→ **Activity**: Below are lines of records; copy exactly those from the one containing "Metal Best Kft" through the one containing "Подробный решебник (ГДЗ)", leaving the pictures behind.

→ **Records supplied**:
▬▬▬

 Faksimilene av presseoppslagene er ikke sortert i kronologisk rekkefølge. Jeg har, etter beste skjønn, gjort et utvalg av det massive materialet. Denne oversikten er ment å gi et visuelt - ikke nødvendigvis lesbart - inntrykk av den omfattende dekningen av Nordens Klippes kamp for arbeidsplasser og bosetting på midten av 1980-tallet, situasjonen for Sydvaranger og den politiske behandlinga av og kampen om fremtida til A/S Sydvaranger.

▬▬▬

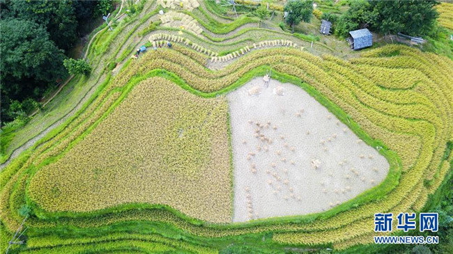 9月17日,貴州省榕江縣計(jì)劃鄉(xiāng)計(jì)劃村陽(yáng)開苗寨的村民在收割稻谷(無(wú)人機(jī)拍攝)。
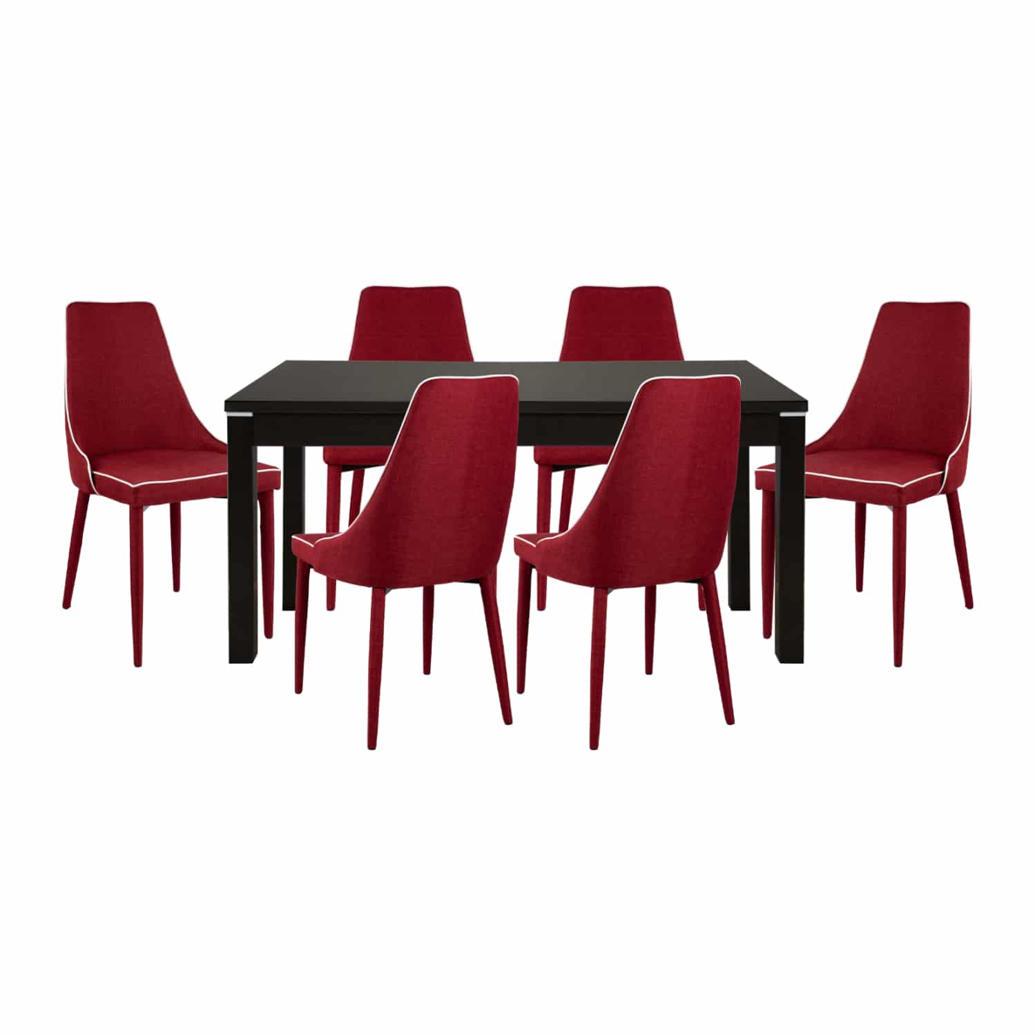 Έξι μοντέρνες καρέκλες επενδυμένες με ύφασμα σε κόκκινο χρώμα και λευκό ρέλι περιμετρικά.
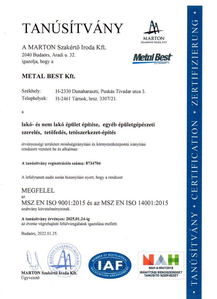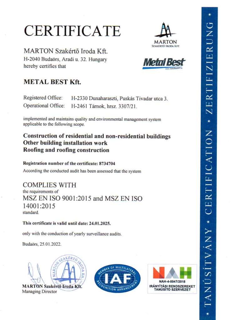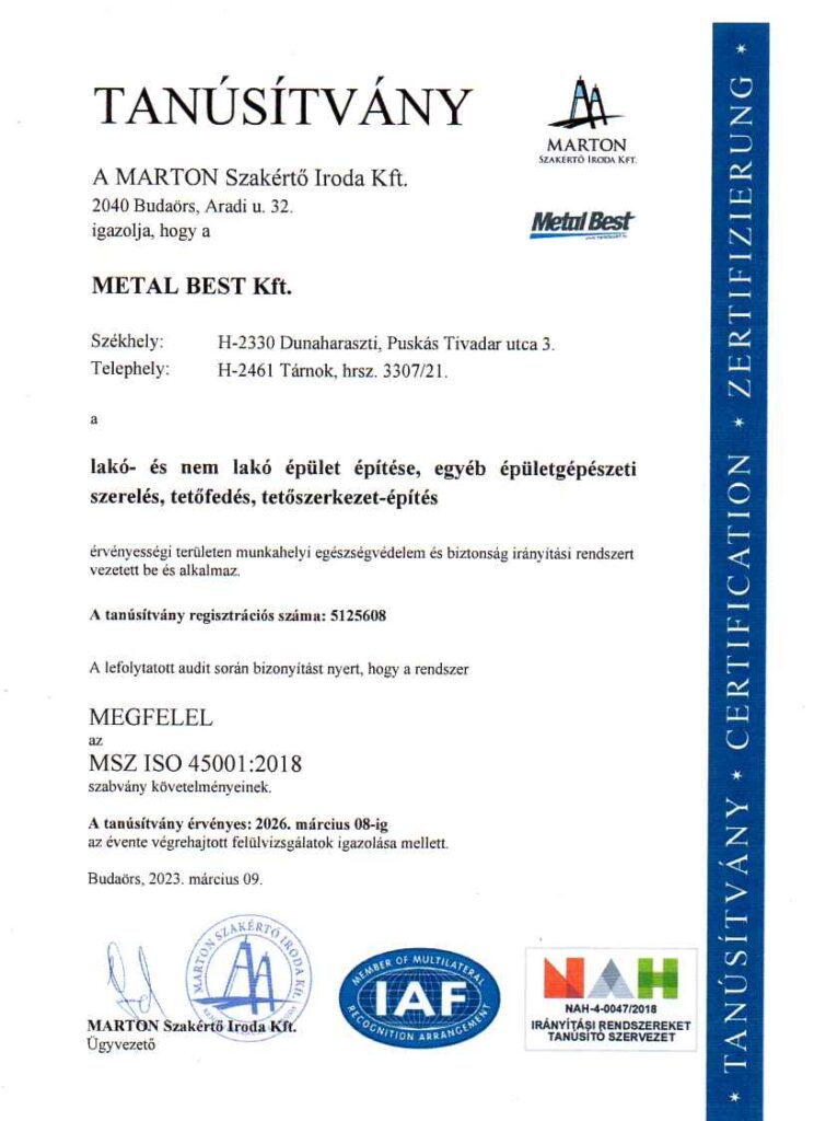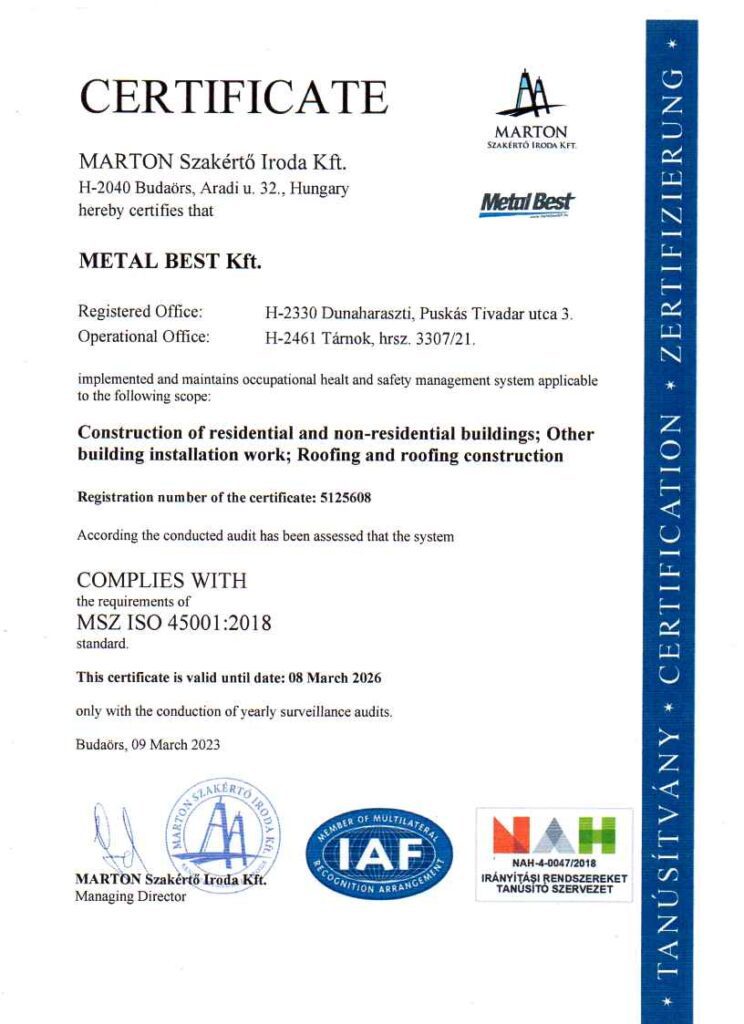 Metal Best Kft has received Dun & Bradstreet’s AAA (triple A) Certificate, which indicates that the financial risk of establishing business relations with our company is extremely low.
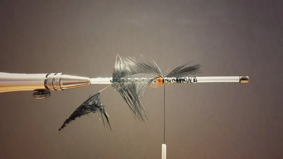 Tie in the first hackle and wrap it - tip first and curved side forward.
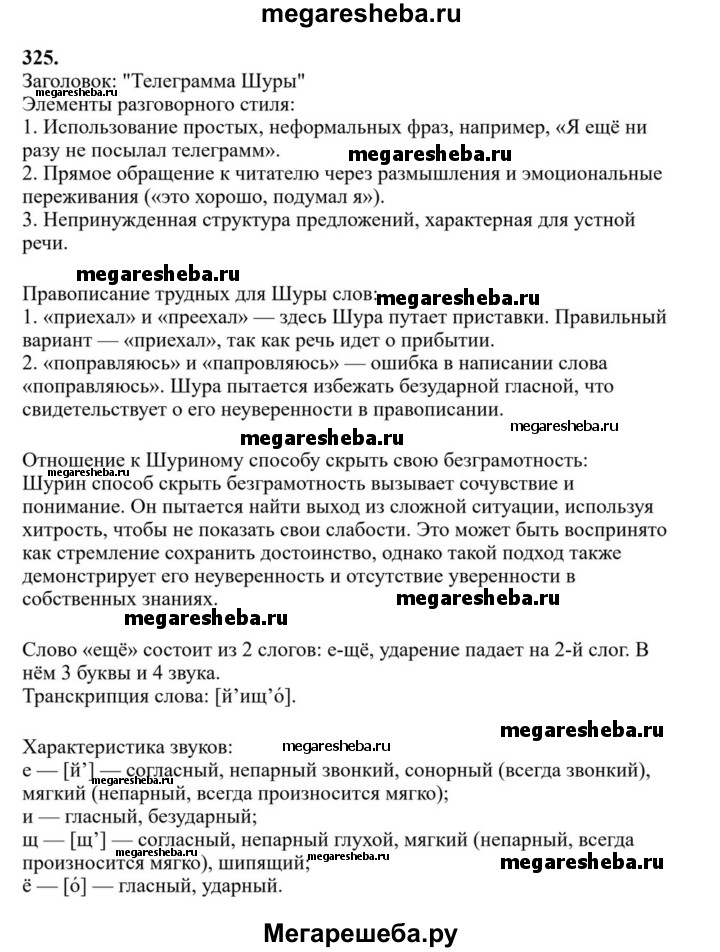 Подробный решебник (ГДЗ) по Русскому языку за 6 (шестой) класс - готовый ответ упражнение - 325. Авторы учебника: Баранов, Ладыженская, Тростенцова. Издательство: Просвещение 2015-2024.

▬▬▬

→ **Exercise result**:
 Metal Best Kft has received Dun & Bradstreet’s AAA (triple A) Certificate, which indicates that the financial risk of establishing business relations with our company is extremely low.
 Tie in the first hackle and wrap it - tip first and curved side forward.
 Подробный решебник (ГДЗ) по Русскому языку за 6 (шестой) класс - готовый ответ упражнение - 325. Авторы учебника: Баранов, Ладыженская, Тростенцова. Издательство: Просвещение 2015-2024.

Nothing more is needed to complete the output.